What you’re finding: Companies that are growing headcount and actively hiring — strong candidates for sales or hiring tools. Why these fields: EMPLOYEE_ON_LINKEDIN_GROWTH_RATE_ORG and *_OPEN_ROLES_COUNT_ORG fields are trend indicators that show hiring patterns. We join to companies to filter by size (EMPLOYEE_COUNT_MAX) and to get COMPANY_NAME and DOMAIN. LAST_FUNDING_AMOUNT_ORG and LAST_FUNDING_TYPE_ORG add optional context for prioritization. Logic: Require meaningful headcount growth and hiring trends, and limit to a mid-market size band. Order by growth rate so the hottest accounts are first.
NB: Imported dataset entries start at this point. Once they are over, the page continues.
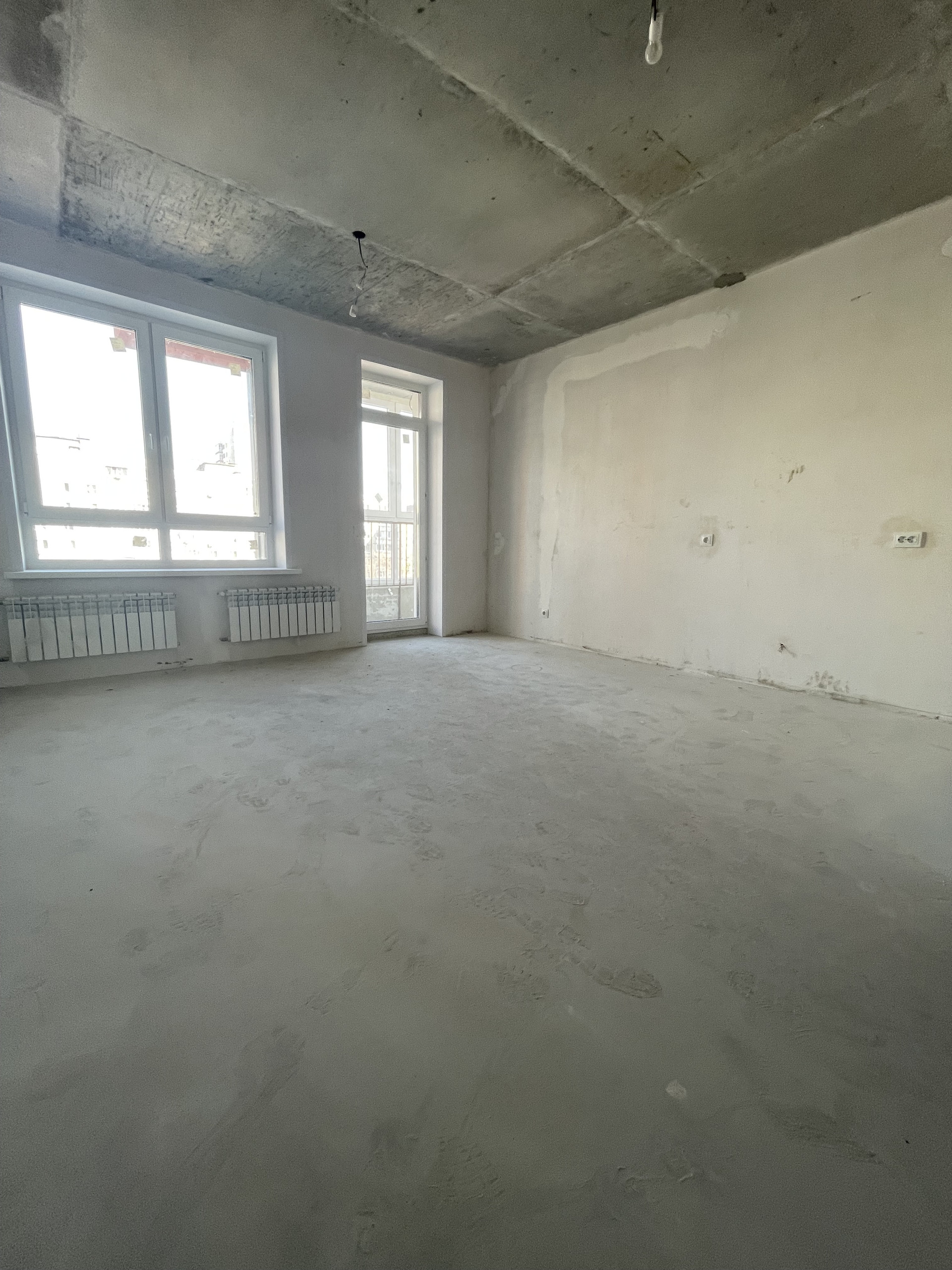 Квартира сдаётся в предчистовой отделке: с выровненными и оштукатуренными стенами и полом на цементной стяжке, в которой проложено отопление ( эффект “отсутствия” труб).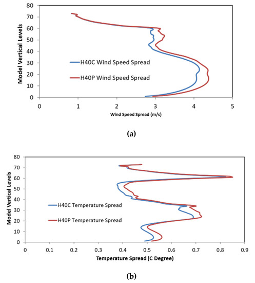 Comparisons of the vertical profiles of the domain-averaged ensemble spread of (a) the wind speed, and (b) the temperature, averaged over all cycles, between H40C (blue line) and H40P (red line), for Hurricane Hermine, 2016.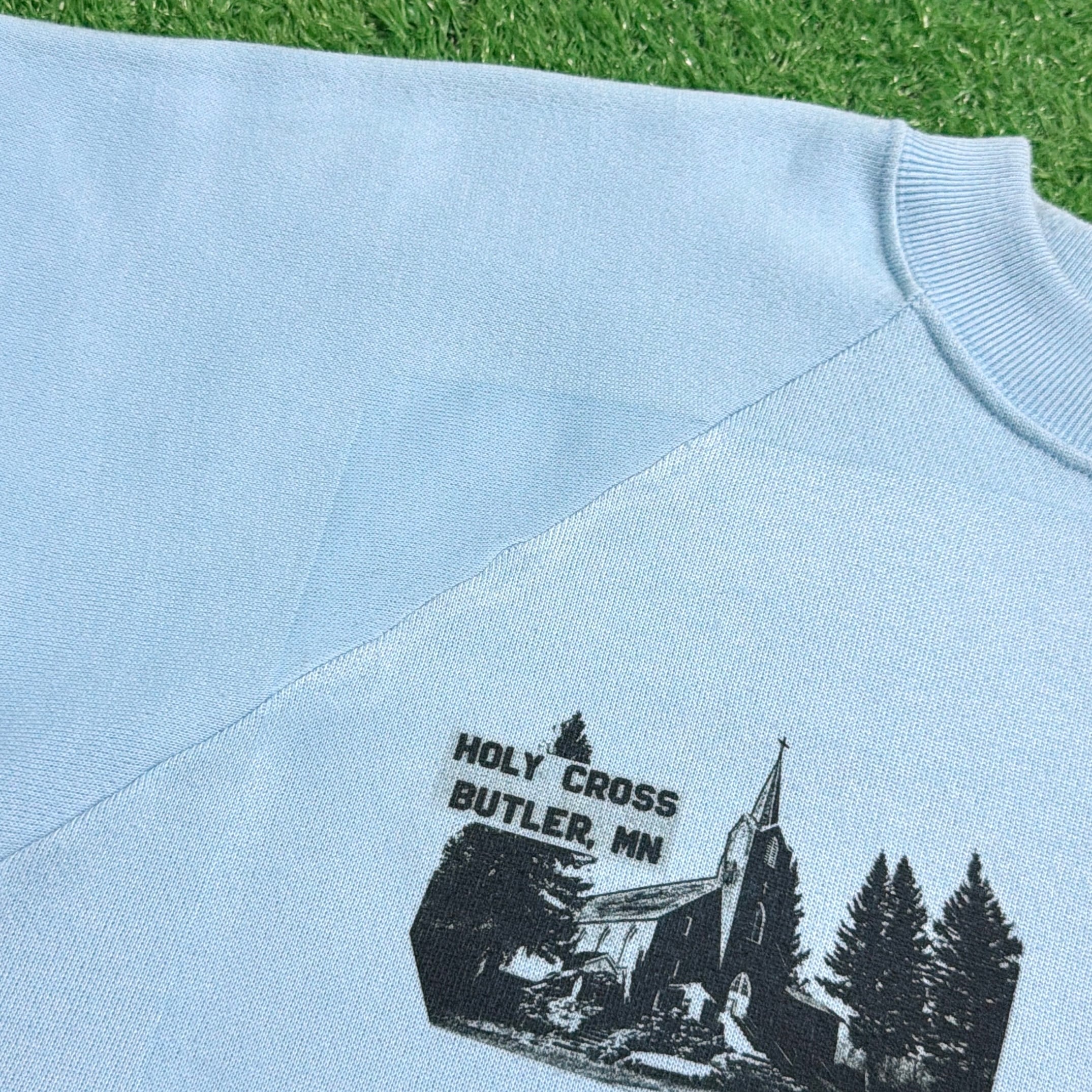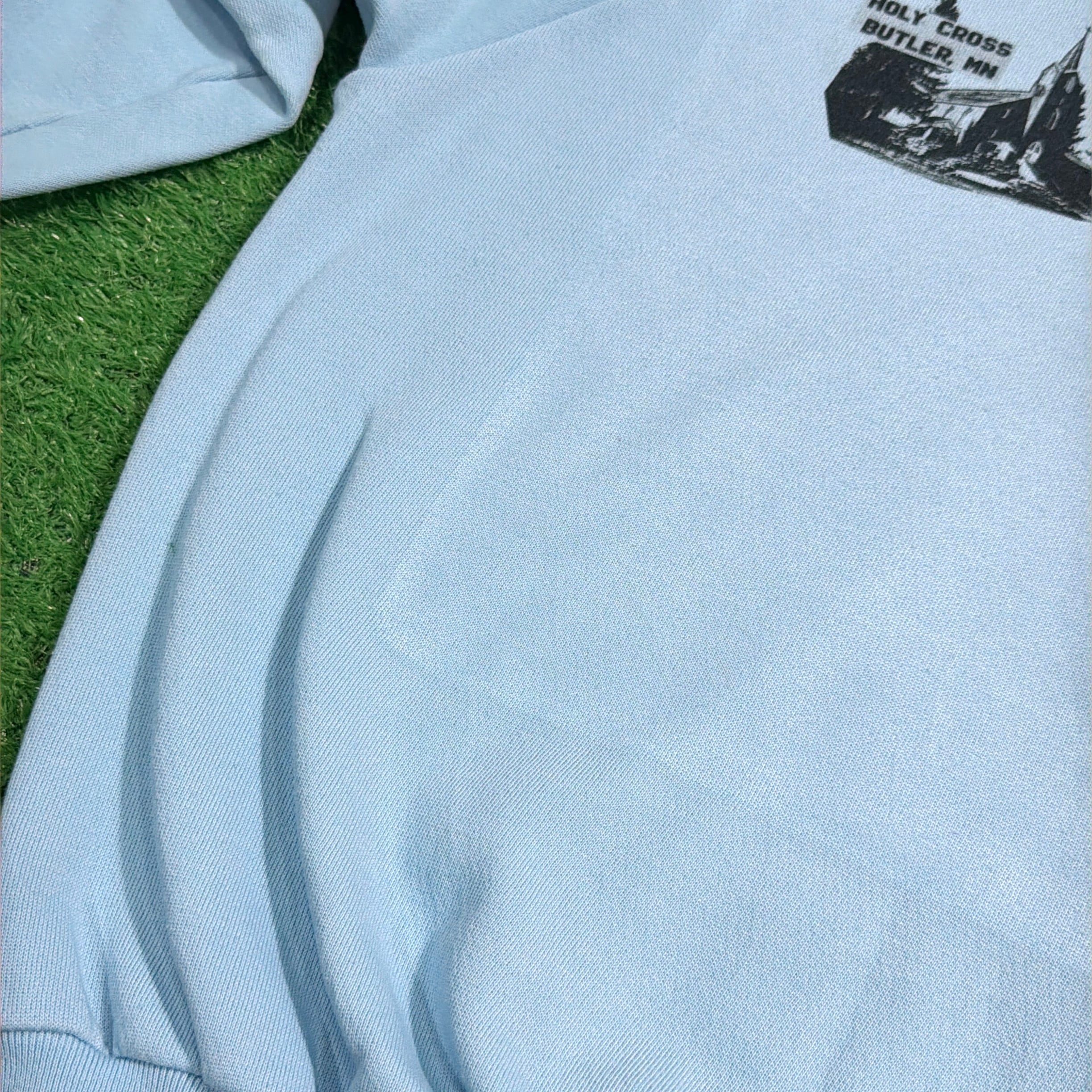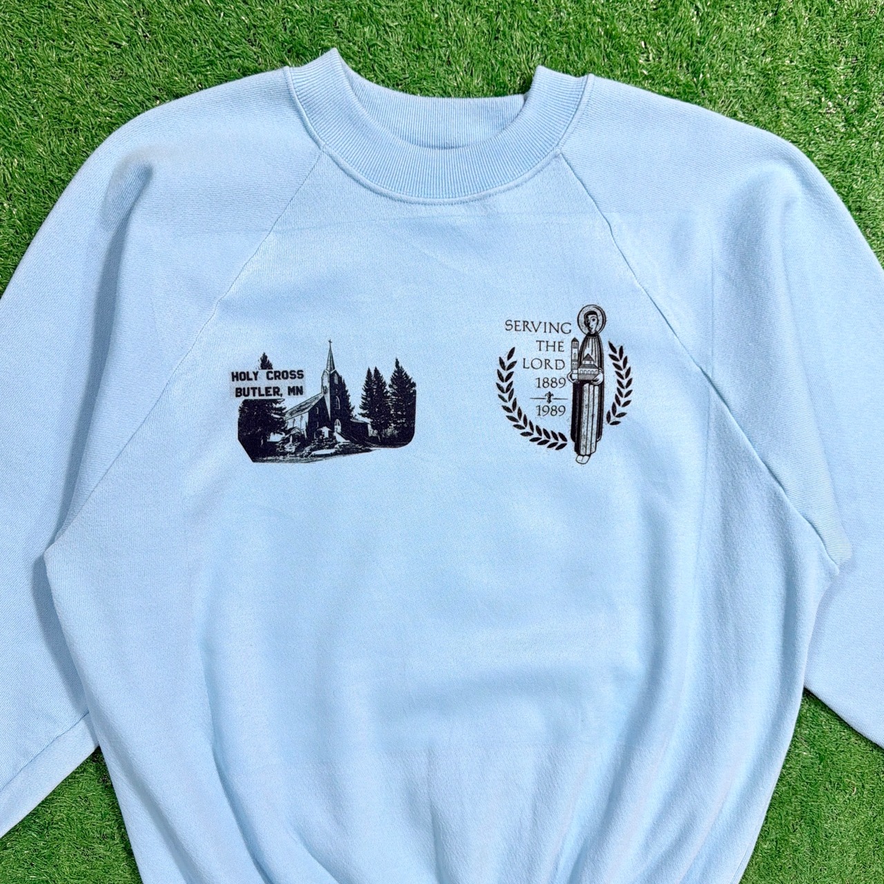 フロントには ミネソタ州バトラー(BUTLER, MN)にある “Holy Cross Catholic Church(ホーリークロス教会)” のイラスト と、“SERVING THE LORD 1889–1989” の記念ロゴ がプリントされています。創立100周年(1889〜1989)を記念して作られた、イベント系アニバーサリースウェットの一枚です。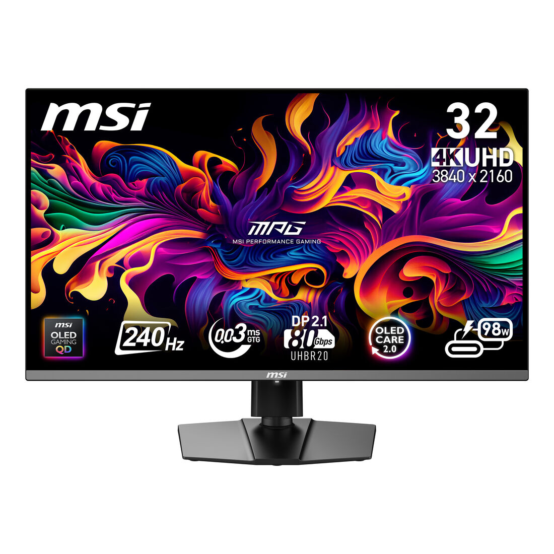 MSI MPG 322URX QD-OLED. Dimensioni diagonale schermo: 80 cm (31.5″), Risoluzione del display: 3840 x 2160 Pixel, Tipologia HD: 4K Ultra HD, Tecnologia display: QD-OLED, Tempo di risposta: 0,03 ms, Rapporto d’aspetto nativo: 16:9, Angolo di visualizzazione (orizzontale): 178°, Angolo di visualizzazione (verticale): 178°. Hub USB integrato. Montaggio standard VESA, Regolazione altezza. Colore del prodotto: Nero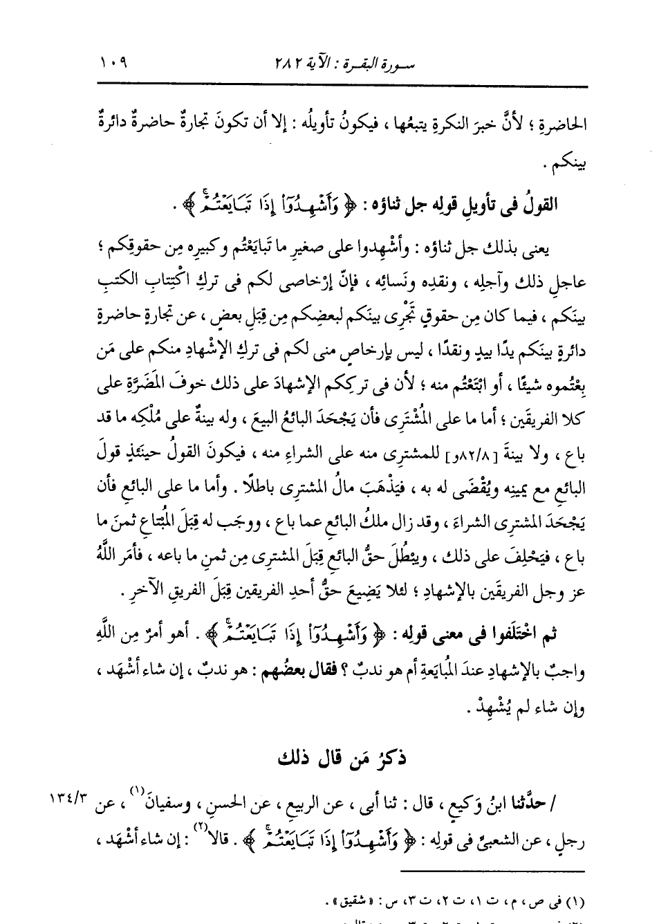 ذِكْرُ مَنْ قَالَ ذَلِكَ: حَدَّثَنَا ابْنُ وَكِيعٍ، قَالَ: ثنا أَبِي، عَنِ الرَّبِيعِ، عَنِ الْحَسَنِ، وَشَقِيقٍ، عَنْ رَجُلٍ، عَنِ الشَّعْبِيِّ، فِي قَوْلِهِ: {§وَأَشْهِدُوا إِذَا تَبَايَعْتُمْ} [البقرة: 282] قَالَ: «إِنْ شَاءَ أَشْهَدَ، -[110]- وَإِنْ شَاءَ لَمْ يُشْهِدْ» أَلَمْ تَسْمَعْ إِلَى قَوْلِهِ: {فَإِنْ أَمِنَ بَعْضُكُمْ بَعْضًا فَلْيُؤَدِّ الَّذِي اؤْتُمِنَ أَمَانَتَهُ} [البقرة: 283]

Note that open role counts reflect trends with a 2-3 month lag, not real-time job openings.
SELECT
    co.COMPANY_NAME,
    co.DOMAIN,
    co.EMPLOYEE_COUNT_MAX,
    i.EMPLOYEE_ON_LINKEDIN_GROWTH_RATE_ORG,
    i.SALES_OPEN_ROLES_COUNT_ORG,
    i.LAST_FUNDING_AMOUNT_ORG,
    i.LAST_FUNDING_TYPE_ORG
FROM RELEASES.RELEASE.INSIGHTS_LATEST i
JOIN RELEASES.RELEASE.ORG_LATEST co ON i.RBID_ORG = co.RBID
WHERE i.EMPLOYEE_ON_LINKEDIN_GROWTH_RATE_ORG > 20
  AND i.SALES_OPEN_ROLES_COUNT_ORG > 0
  AND co.EMPLOYEE_COUNT_MAX BETWEEN 50 AND 500
ORDER BY i.EMPLOYEE_ON_LINKEDIN_GROWTH_RATE_ORG DESC;

Companies that recently adopted a specific technology

What you’re finding: Accounts that added a technology (e.g. Snowflake) in the last 6 months — good for competitive displacement or upsell plays. Why these fields: technologies_detected (array) is filtered for the product name; tech_added_date restricts to recent adoption. We join to companies for name and domain. Array syntax in the WHERE clause depends on your warehouse (see call-out above). Logic: Filter to technographic insights, require the technology to be in the detected list, and limit to the last 6 months. Order by tech_added_date descending so the most recent adopters appear first.
SELECT
    co.COMPANY_NAME,
    co.DOMAIN,
    i.CRM_TECH_ORG,
    i.DEVELOPMENT_TECH_ORG,
    i.LAST_FUNDING_DATE_ORG
FROM RELEASES.RELEASE.INSIGHTS_LATEST i
JOIN RELEASES.RELEASE.ORG_LATEST co ON i.RBID_ORG = co.RBID
WHERE i.DEVELOPMENT_TECH_ORG ilike '%mongodb%'
ORDER BY i.LAST_FUNDING_DATE_ORG DESC;
Array containment syntax varies: Snowflake often uses ARRAY_CONTAINS(value, array) or array IN (SELECT value FROM table). BigQuery uses value IN UNNEST(array). Check your warehouse docs and adjust the filter accordingly.